Supplied entries:
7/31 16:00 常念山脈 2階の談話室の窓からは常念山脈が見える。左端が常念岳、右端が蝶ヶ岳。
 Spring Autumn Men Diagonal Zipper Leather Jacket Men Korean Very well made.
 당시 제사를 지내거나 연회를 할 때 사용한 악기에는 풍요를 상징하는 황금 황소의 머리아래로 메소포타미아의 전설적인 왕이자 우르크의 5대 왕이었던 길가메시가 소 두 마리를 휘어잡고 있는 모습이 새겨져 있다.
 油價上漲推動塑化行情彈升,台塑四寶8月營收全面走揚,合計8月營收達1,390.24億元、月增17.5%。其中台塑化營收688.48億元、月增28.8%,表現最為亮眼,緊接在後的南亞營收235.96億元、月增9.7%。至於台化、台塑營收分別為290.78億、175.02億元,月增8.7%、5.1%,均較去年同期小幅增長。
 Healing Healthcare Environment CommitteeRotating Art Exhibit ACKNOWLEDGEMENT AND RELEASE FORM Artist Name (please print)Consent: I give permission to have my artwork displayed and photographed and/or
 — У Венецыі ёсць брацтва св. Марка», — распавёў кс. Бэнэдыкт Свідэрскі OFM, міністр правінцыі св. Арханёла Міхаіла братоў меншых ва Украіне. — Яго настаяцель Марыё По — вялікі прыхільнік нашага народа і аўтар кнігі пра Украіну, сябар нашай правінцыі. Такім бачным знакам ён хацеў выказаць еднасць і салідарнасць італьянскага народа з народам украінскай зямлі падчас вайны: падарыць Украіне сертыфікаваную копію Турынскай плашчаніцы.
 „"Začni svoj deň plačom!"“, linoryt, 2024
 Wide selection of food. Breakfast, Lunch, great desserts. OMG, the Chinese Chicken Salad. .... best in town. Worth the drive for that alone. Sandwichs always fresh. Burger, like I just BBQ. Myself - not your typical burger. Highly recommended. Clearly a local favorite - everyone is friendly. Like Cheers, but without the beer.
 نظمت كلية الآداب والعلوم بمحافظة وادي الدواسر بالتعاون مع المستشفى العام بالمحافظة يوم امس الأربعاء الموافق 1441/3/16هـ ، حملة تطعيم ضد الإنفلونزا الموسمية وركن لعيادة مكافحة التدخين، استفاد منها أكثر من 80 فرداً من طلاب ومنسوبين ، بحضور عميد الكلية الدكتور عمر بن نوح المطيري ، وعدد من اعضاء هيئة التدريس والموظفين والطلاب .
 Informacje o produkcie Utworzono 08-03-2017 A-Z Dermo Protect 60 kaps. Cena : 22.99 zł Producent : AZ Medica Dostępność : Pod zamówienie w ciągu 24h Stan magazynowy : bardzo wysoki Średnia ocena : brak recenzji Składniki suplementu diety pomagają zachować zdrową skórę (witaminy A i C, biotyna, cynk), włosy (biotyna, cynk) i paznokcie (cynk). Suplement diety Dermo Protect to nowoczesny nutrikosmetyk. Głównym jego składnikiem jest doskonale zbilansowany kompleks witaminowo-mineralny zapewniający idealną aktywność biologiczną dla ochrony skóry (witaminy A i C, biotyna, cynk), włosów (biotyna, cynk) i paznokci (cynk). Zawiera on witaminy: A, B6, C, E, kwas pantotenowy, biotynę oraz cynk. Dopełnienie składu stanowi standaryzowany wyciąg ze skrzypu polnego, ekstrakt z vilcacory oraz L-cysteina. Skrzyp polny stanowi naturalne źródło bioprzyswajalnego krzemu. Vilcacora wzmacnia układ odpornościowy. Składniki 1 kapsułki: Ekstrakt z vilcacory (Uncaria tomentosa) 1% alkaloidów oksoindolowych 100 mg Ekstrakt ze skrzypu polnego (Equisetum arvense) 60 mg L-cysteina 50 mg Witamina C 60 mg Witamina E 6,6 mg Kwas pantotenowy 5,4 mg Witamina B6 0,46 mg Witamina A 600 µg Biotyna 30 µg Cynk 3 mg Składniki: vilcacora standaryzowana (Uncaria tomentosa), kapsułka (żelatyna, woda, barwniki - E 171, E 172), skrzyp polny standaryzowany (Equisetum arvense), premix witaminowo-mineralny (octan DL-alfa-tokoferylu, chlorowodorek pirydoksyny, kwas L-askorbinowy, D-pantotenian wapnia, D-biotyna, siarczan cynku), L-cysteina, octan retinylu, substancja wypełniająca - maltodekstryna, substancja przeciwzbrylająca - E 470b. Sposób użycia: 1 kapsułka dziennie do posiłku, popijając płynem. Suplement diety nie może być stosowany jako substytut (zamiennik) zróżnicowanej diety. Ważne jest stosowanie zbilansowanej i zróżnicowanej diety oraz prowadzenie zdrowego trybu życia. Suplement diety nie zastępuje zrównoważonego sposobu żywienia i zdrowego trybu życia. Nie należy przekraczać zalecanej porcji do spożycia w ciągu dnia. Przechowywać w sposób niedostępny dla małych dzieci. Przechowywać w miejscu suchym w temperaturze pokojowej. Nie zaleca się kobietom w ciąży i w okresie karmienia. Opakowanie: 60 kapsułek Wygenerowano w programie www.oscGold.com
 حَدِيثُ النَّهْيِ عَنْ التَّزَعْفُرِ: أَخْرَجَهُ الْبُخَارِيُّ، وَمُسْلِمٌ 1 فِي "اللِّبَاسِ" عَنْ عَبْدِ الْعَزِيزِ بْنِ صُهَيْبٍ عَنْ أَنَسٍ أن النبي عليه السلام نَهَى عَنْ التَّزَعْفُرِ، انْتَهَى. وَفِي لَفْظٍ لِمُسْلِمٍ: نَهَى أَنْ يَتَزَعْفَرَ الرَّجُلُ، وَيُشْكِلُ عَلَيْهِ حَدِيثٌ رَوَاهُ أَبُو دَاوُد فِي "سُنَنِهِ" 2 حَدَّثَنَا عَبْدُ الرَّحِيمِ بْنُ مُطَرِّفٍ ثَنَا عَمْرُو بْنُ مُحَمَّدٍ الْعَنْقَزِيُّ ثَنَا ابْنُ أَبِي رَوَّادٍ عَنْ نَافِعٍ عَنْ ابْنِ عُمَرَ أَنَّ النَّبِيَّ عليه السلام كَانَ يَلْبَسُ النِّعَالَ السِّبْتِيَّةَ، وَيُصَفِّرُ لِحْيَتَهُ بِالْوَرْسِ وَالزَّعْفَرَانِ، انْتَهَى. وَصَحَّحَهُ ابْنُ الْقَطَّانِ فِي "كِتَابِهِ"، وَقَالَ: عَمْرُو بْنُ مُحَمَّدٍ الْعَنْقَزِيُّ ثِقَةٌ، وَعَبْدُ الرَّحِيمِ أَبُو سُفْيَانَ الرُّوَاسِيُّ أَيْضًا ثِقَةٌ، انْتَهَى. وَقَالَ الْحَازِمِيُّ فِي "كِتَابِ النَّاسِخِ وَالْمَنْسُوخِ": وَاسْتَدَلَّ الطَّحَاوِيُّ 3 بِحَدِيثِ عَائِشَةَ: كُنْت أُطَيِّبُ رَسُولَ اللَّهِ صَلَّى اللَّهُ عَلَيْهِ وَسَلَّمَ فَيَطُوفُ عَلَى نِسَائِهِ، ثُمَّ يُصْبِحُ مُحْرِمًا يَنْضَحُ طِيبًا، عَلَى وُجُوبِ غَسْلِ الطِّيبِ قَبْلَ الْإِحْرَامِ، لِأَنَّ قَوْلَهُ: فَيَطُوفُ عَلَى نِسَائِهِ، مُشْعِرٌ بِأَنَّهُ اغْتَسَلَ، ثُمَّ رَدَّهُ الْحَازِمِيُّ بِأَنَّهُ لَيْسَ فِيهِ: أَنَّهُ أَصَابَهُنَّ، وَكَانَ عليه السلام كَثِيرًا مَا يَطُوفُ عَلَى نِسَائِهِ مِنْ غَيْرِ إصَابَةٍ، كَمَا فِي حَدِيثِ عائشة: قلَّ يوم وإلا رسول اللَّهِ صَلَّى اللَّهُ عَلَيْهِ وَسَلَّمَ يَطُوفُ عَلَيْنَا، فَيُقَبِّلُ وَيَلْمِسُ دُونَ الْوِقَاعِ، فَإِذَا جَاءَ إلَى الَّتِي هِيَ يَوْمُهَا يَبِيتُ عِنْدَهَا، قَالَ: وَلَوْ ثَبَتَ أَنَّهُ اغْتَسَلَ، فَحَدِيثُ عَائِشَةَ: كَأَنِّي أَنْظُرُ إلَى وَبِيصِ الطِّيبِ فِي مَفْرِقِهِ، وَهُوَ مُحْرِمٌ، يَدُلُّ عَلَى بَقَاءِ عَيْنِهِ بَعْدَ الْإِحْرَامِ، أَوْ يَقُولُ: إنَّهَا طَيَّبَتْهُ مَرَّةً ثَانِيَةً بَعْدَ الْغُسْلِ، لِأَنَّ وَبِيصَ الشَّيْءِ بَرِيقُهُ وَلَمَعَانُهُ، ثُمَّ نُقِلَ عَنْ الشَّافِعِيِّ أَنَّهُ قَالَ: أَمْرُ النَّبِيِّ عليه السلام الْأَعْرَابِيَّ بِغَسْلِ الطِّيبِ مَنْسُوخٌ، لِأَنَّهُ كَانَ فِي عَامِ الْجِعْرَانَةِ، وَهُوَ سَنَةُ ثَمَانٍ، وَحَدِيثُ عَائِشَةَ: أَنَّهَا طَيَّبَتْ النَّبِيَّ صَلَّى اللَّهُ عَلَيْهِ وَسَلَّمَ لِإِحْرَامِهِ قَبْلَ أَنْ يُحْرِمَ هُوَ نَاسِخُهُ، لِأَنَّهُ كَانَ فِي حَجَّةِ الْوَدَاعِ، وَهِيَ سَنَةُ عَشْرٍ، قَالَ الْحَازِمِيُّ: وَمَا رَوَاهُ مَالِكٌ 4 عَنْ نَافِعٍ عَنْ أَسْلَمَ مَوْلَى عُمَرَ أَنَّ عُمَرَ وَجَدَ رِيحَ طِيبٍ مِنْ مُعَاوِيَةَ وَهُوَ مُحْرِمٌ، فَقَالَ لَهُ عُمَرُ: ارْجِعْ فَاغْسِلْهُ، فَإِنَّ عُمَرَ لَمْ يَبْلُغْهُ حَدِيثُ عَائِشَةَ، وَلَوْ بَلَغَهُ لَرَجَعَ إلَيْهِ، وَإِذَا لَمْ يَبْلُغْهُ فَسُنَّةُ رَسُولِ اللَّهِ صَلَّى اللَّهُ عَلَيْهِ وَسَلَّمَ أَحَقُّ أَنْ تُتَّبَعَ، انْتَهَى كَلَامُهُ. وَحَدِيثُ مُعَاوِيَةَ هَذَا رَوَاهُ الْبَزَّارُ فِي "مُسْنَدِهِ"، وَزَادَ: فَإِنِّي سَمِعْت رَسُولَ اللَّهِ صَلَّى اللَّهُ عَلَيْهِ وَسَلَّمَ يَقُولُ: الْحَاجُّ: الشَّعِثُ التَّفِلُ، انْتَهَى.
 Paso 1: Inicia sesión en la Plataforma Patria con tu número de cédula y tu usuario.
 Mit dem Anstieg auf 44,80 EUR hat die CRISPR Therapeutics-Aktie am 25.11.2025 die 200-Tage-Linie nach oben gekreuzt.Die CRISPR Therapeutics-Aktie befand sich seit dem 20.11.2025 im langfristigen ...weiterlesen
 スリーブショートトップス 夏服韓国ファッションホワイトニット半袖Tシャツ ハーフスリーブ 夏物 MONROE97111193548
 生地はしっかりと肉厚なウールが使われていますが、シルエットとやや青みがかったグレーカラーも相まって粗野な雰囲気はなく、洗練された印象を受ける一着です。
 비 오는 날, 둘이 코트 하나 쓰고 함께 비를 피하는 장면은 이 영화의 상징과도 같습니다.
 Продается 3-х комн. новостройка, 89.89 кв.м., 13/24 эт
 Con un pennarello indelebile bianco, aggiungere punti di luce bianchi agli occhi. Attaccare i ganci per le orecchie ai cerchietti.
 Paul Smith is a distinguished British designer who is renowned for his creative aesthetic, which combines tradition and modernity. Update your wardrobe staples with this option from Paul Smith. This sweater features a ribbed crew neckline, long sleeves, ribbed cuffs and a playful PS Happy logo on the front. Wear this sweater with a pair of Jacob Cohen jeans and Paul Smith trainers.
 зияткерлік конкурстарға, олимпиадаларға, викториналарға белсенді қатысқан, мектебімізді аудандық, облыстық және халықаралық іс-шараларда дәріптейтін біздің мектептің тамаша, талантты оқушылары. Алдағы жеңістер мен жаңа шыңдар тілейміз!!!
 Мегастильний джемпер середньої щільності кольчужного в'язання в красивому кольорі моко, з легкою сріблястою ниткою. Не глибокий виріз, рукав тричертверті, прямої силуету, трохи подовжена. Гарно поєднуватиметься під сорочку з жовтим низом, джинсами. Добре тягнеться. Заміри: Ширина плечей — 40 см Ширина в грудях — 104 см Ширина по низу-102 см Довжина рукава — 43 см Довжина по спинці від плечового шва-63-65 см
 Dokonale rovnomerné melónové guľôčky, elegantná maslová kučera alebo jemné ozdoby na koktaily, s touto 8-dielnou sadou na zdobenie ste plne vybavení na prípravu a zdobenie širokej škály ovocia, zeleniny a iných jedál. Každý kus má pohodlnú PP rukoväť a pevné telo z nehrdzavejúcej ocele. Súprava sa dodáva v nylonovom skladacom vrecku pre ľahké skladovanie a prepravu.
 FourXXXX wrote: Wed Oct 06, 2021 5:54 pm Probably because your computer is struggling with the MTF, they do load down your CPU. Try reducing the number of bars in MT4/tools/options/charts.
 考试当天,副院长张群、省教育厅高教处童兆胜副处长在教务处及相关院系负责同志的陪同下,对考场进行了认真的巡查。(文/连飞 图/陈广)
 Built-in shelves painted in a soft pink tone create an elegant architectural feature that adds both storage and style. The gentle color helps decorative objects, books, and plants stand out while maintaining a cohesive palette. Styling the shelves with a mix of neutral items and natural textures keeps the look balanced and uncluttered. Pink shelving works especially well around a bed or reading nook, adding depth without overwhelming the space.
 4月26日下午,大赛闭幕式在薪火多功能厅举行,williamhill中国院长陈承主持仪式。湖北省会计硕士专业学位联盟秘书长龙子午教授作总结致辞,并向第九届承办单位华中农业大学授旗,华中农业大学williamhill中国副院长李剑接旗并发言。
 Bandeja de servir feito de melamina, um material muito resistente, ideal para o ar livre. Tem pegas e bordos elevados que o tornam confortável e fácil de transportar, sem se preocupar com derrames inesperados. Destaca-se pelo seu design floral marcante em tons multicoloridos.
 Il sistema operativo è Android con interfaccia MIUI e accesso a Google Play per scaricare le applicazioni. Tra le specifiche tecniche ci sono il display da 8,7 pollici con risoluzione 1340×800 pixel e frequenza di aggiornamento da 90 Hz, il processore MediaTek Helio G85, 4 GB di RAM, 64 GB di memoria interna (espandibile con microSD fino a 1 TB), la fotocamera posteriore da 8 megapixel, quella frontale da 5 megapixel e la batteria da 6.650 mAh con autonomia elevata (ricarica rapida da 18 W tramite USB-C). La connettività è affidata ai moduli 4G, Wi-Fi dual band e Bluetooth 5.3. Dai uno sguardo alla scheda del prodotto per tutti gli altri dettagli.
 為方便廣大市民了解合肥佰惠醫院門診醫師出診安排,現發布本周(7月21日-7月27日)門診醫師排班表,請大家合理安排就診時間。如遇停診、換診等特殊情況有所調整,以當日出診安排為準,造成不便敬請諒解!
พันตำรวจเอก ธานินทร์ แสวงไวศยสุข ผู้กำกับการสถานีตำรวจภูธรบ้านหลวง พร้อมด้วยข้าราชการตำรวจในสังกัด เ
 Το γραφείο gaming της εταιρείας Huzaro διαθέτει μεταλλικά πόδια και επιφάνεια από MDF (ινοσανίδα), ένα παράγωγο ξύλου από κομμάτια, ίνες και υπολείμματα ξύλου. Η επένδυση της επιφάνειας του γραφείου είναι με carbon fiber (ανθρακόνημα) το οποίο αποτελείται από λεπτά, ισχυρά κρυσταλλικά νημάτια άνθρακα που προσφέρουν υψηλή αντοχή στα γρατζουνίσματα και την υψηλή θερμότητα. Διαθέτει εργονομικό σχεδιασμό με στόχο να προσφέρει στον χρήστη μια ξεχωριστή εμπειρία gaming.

What to do: All that belongs in your answer is the stretch of entries above from the line with "Con un pennarello" through the line with "Paul Smith is", printed exactly.

Output of the exercise:
 Con un pennarello indelebile bianco, aggiungere punti di luce bianchi agli occhi. Attaccare i ganci per le orecchie ai cerchietti.
 Paul Smith is a distinguished British designer who is renowned for his creative aesthetic, which combines tradition and modernity. Update your wardrobe staples with this option from Paul Smith. This sweater features a ribbed crew neckline, long sleeves, ribbed cuffs and a playful PS Happy logo on the front. Wear this sweater with a pair of Jacob Cohen jeans and Paul Smith trainers.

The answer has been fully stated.